A Thought Experiment Challenge

For those of you who review the full “Twenty Five Best” article, I challenge you to the following thought experiment. Tally the twenty-five studies summarized in this editorial into two columns. In one column include studies about how health affects work. In the second column include studies about how work affects health. Note the dates of the studies and ask whether researchers are shifting toward one of these orientations or the other? If you want to reflect further into research trends in workplace wellness, create a two-by-two crosstabs table and organize these two columns according to research that focuses on organizational level variables versus studies aimed at individual lifestyle-related factors. See if you agree with my conclusion at the end of the editorial concerning where workplace wellness research is heading.

 

References

[1] Edington DW, Yen LT, Witting P. The Financial Impact of Changes in Personal Health Practices. Journal of Occupational and Environmental Medicine.  1997; 39(11): 1037-1046.

[2] Robin E. Soler, PhD, Kimberly D. Leeks, PhD, MPH, Sima Razi, MPH, David P. Hopkins, MD, MPH, Matt Griffith, MPH, Adam Aten, MPH, Sajal K. Chattopadhyay, PhD, Susan C. Smith, MPA, MLIS, Nancy Habarta, MPH, Ron Z. Goetzel, PhD, Nicolaas P. Pronk, PhD, Dennis E. Richling, MD, Deborah R. Bauer, MPH, RN, CHES, Leigh Ramsey Buchanan, PhD, MPH, Curtis S. Florence, PhD, Lisa Koonin, MN, MPH, Debbie MacLean, BS, ATC/L, Abby Rosenthal, MPH, Dyann Matson Koffman, DrPH, MPH, James V. Grizzell, MBA, MA, CHES, Andrew M. Walker, MPH, CHES, the Task Force on Community Preventive Services. “A Systematic Review of Selected Interventions for Worksite Health Promotion The Assessment of Health Risks with Feedback.” (Am J Prev Med 2010;38(2S):S237–S262)

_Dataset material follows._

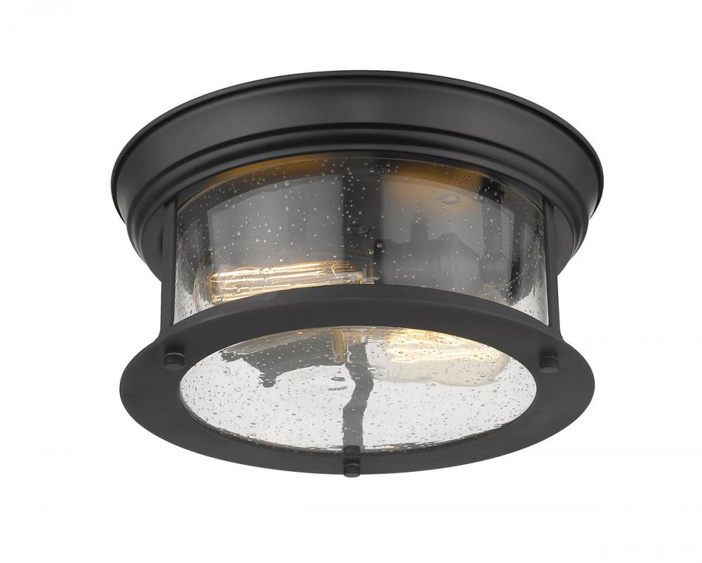 Cool industrial ambiance offers a stylish look to transitional spaces in need of functional, fashionable fixtures. With bold Matte Black finish metal providing a circular cage-like frame and a wide cylindrical clear seedy glass shade completing its visual package, this two-light flush mount ceiling light wraps up a custom kitchen or living area design.

[3] Goetzel RZ, Ozminkowski RJ, Sederer LI, Mark TL. “The business case for quality mental health services: why employers should care about the mental health and well-being of their employees.” Journal of occupational and environmental medicine. 2002 Apr 1:320-30.

[4] Linnan L., Bowling M., Bachtel J., Lindsay G., Blakey C., Pronk S., Royalle P. (2008). Results of the 2004 national worksite health promotion survey.  Am J Public Health. 98(8):1503-1509.